### Problem Description

The k-armed bandit problem is a simple reinforcement learning problem where the environment contains only a single state. The agent is presented with k different actions that it can take, and each action gives out a reward generated from some stationary probability distribution. The agent starts out not knowing which action is the best action, so it must first explore all of the possibilities to figure out the expected reward of each action.

The real-life analogy of this problem is a gambler (bandit) that wants to maximize their money (reward) by playing the slot machines, but there are k slot machines, each with its own probabilistic payoff. The gambler must then figure out which slot machine is the most profitable.

In [1]:
# Setup

%matplotlib inline

import numpy as np
import matplotlib.pyplot as plt
import seaborn as sns
from functools import partial

def reset_seed(seed=42):
    np.random.seed(seed)

### The Environment

There will be two kinds of environments: discrete and continuous. A discrete bandit environment just means that there are some finite number of payoffs, each with its own probability (total probability must add up to one). A continuous bandit environment generates payoffs based on some probability distribution.

In [2]:
class DiscreteBandit():
    """
    A discrete bandit environment.
    
    Args:
        payoffs: (ndarray of shape [n_arms, n_payoffs]) the payoffs for each action
        probabilities (ndarray of shape [n_arms, n_payoffs]) the probability for every payoff of every action
    """
    def __init__(self, payoffs, probabilities):
        self.payoffs = payoffs
        self.probabilities = probabilities
        
    def step(self, x):
        return np.random.choice(self.payoffs[x], p=self.probabilities[x])

In [3]:
reset_seed(42)

payoffs = np.array([[-1, 0, 1],
                    [-2, 0, 5],
                    [0, 4, 8],
                    [-2, -1, 1]])

probabilities = np.array([[0.45, 0.1, 0.45],
                          [0.45, 0.1, 0.45],
                          [0.98, 0.01, 0.01],
                          [0.98, 0.01, 0.01]])

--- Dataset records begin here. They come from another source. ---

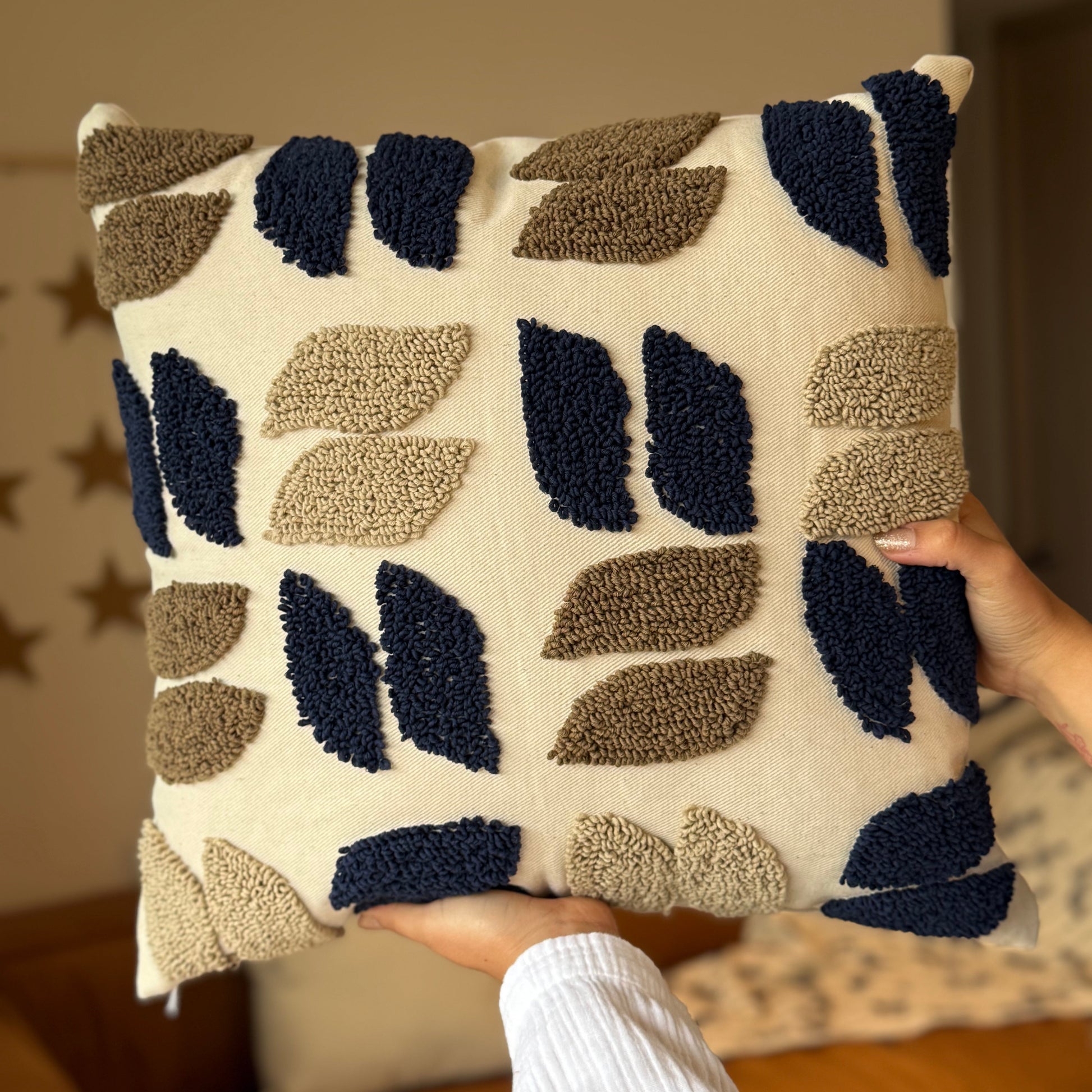 Añade un toque artesanal a tu hogar con este cojín de algodón bordado a mano. Su diseño de ovejas y su color lo hacen perfecto para cualquier espacio. Incluye relleno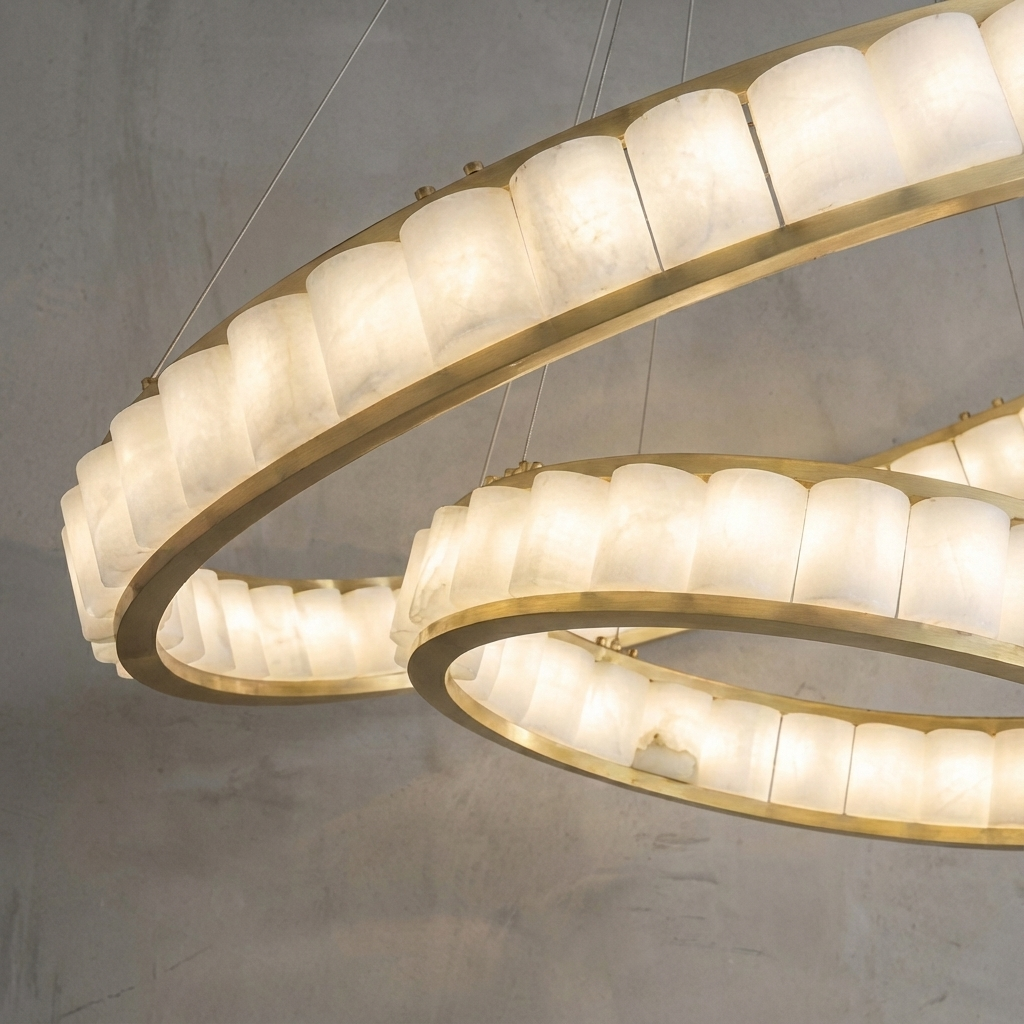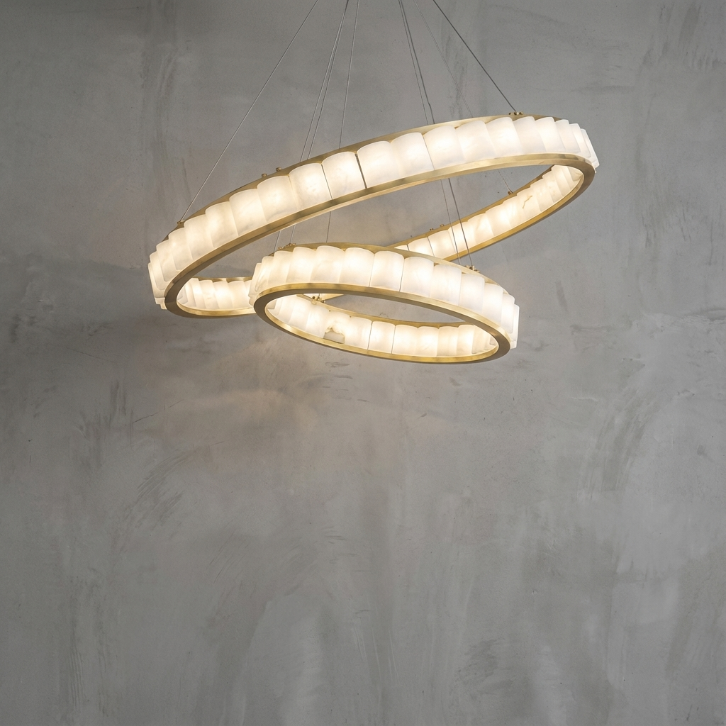 A circular composition of hand-shaped alabaster discs forms a quiet, floating ring that feels both modern and timeless. When illuminated, each alabaster disc reveals layers of soft mineral clouding, giving the chandelier a gentle, mist-like radiance that adds depth and warmth to any space. Slender suspension stems in a warm metal finish complete the silhouette without weighing it down, allowing the piece to hover gracefully overhead. Perfect above dining tables or in double-height spaces, this chandelier brings an elegant, sculptural presence while maintaining a serene, airy lightness.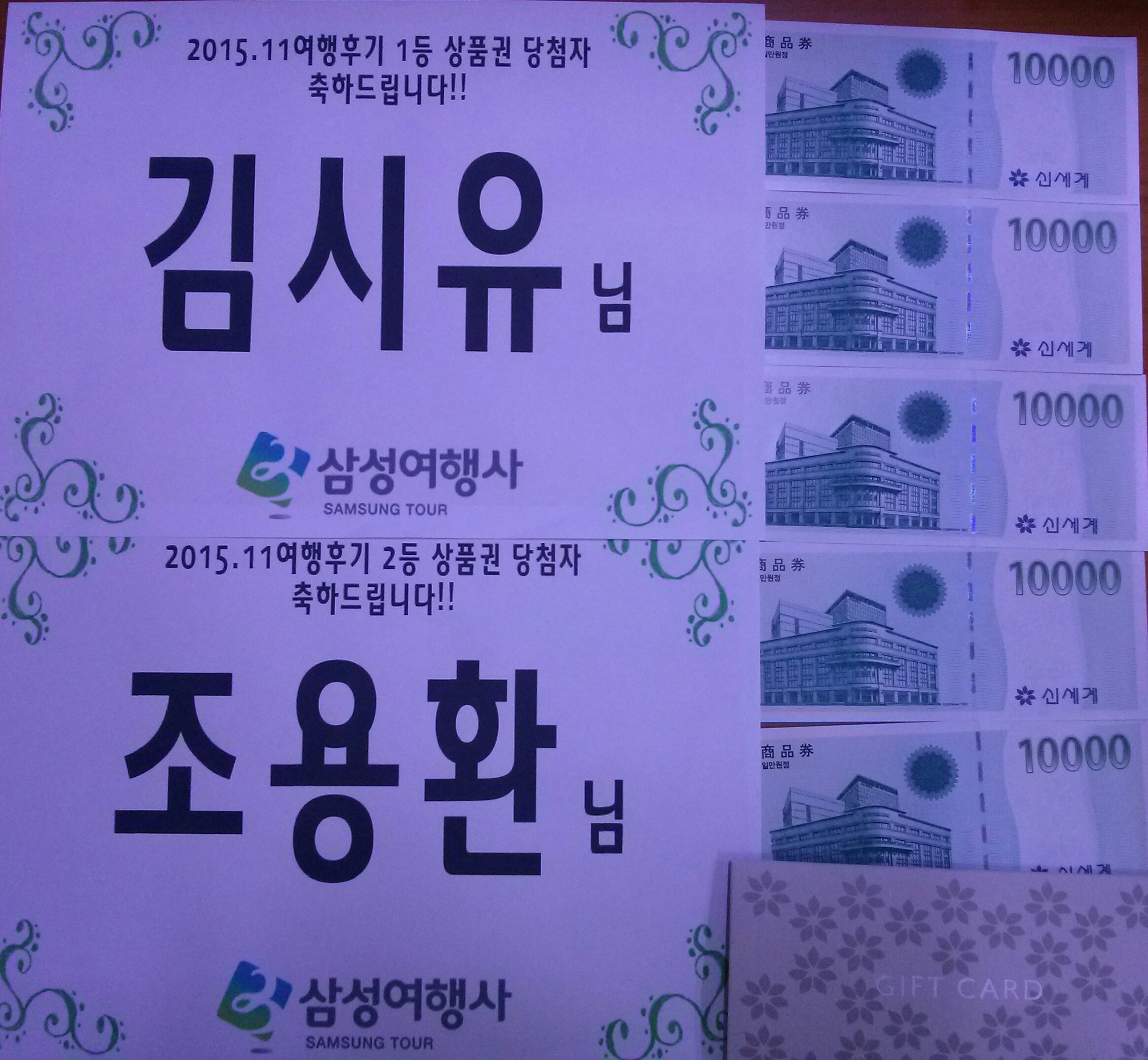 안녕하세요. 삼성여행사입니다~ 11월 여행후기 당첨자입니다! 11월에도 꾸준히 후기에 관심 가져주셔서 정말 감사드립니다. 12월에는 눈꽃기차여행 어떠신가요? 12월후기도 정말 정말 기대됩니다! 11월 후기이벤트에 선정된 분들은 아래와 같습니다.^-^ ★ 1등 백화점상품권(3만원) 당첨자 : 김시유님 010-7231-**** ★ 2등 백화점상품권(2만원) 당첨자 : 조용환님 010-9029-**** ★ 영화권 당첨자 : 총 17명(김시은~신동재님) ![]() 당첨되신 모든 분들 진심으로 축하드립니다. 상품권은 우편등기를 이용해 자택으로 보내드리며 영화표는 여행후기 등록 당시 핸드폰으로 보내드립니다. 감사합니다.^-^ |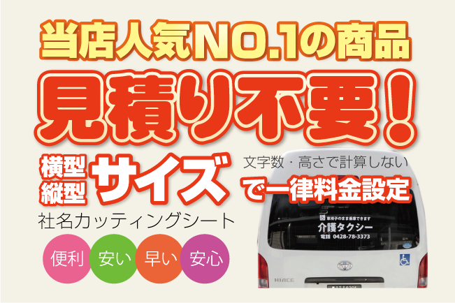 ステッカー 営業車・トラックに社名を入れたいけど見積り依頼は面倒だというお客様、1・2色なら「見積り不要の大吉堂」にお任せ下さい。「文字数や高さ」で金額が変わらないサイズ毎の一律価格です。
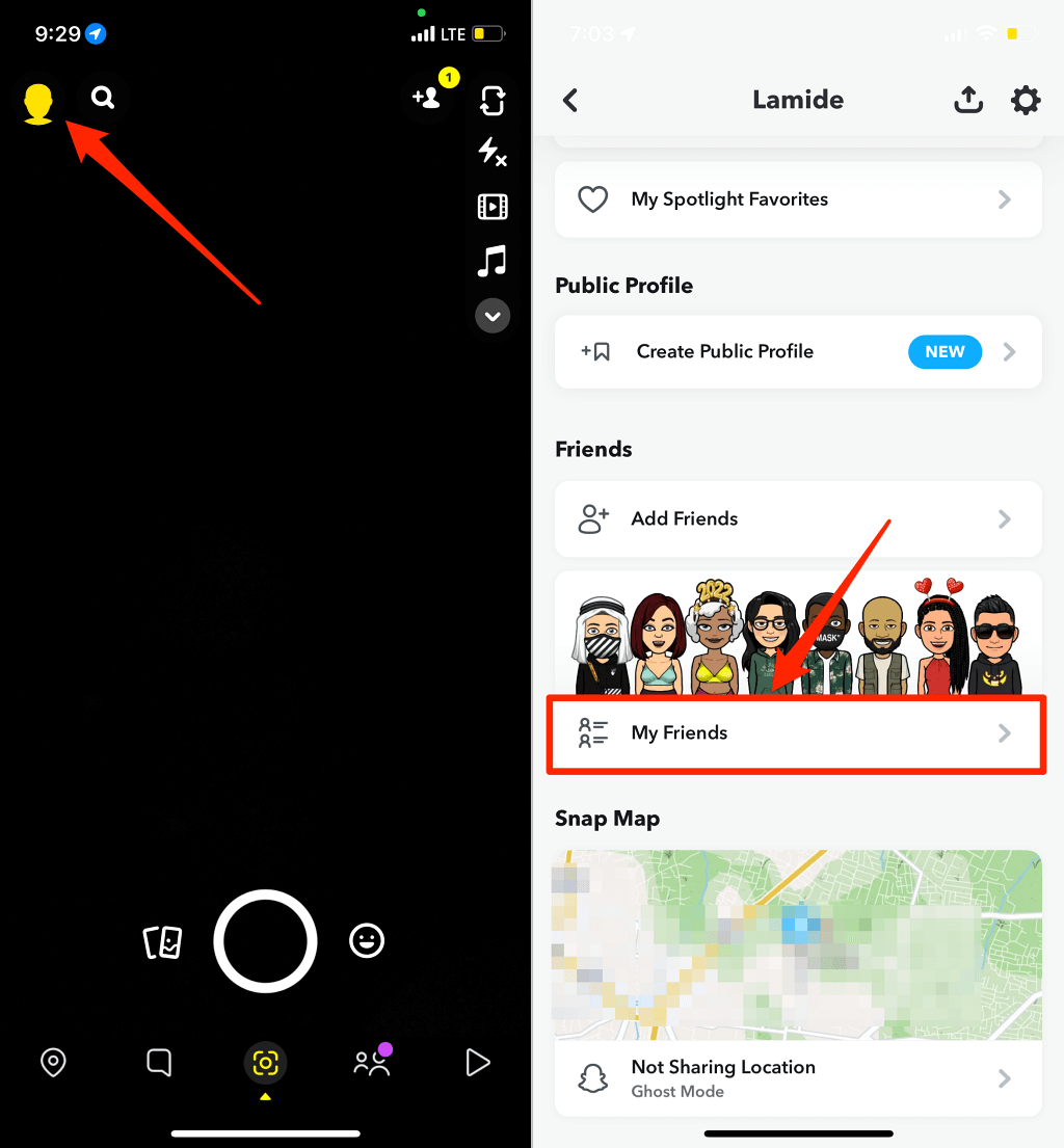 - Open Snapchat, tap the profile icon in the top-left corner and tap My Friends in the “Friends” section.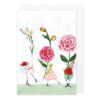 Die Doppelkarte Jubiläum stammt aus der künstlerischen Feder von Silke Leffler. Die Künstlerin zeichnete farbenfrohe Blumen und eine Reihe Gratulanten auf die Karte, die sie am Ende dezent mit Goldfolie versah. Ein passender Briefumschlag liegt der Grußkarte bei.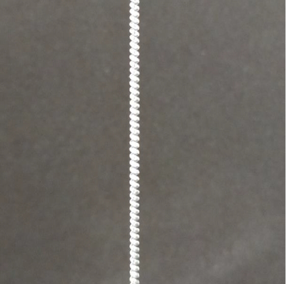 Следующим этапом были проведены аналогичные эксперименты с нейлоновой леской диаметром 0.5 миллиметра. Так же, как и в варианте со спиралью из нейлоновой лески диаметром 1.2 миллиметра, изготавливаем спираль из нейлоновой лески диаметром 0.5 миллиметра. Так как диаметр используемой лески стал значительно меньше, чем в прошлом эксперименте, то и вес, подвешиваемый на один из концов лески, используемый в качестве натяжителя для закрутки, необходимо использовать меньше, а именно – 260 грамм. Данный вес груза был подобран, как и в прошлом эксперименте, опытным путем. Выбор более маленького веса позволит избежать случаев разрыва лески при образовании вторичной закрутки. Исходная длина нейлоновой лески также составляла 1 метр, но после проведения вторичной спирализации спираль стала длиной 45 сантиметров. Увеличение длины конечной спирали в напряженном состоянии произошло вследствие того, что диаметр поперечного сечения лески значительно меньше предыдущего экспериментального образца и диаметр витков спирали также меньше, чем диаметр витков предыдущей спирали.

env = DiscreteBandit(payoffs, probabilities)

max_steps = 1000
total_reward = 0

for step in range(max_steps):
    total_reward += env.step(np.random.choice(len(payoffs)))  # choose a random action
    
print("Total reward:", total_reward)

Total reward: -111


In [4]:
class ContinuousBandit():
    """
    A continuous bandit environment.
    
    Args:        
    """
    def __init__(self, reward_distributions):
        self.reward_distributions = reward_distributions
        
    def step(self, x):
        return self.reward_distributions[x]()

In [5]:
reset_seed(42)

mu = [np.random.uniform(-10, 10) for _ in range(5)]
sigma = [np.random.uniform(0, 5) for _ in range(5)]
reward_distributions = [partial(np.random.normal, m, s) for m, s in zip(mu, sigma)]

for m, s in zip(mu, sigma):
    print("Mean: %.2f \t Sigma: %.2f" % (m, s))

env = ContinuousBandit(reward_distributions)

max_steps = 1000
total_reward = 0

for step in range(max_steps):
    total_reward += env.step(np.random.choice(len(reward_distributions)))  # choose a random action
    
print("Total reward: %.2f" % total_reward)

Mean: -2.51 	 Sigma: 0.78
Mean: 9.01 	 Sigma: 0.29
Mean: 4.64 	 Sigma: 4.33
Mean: 1.97 	 Sigma: 3.01
Mean: -6.88 	 Sigma: 3.54
Total reward: 848.69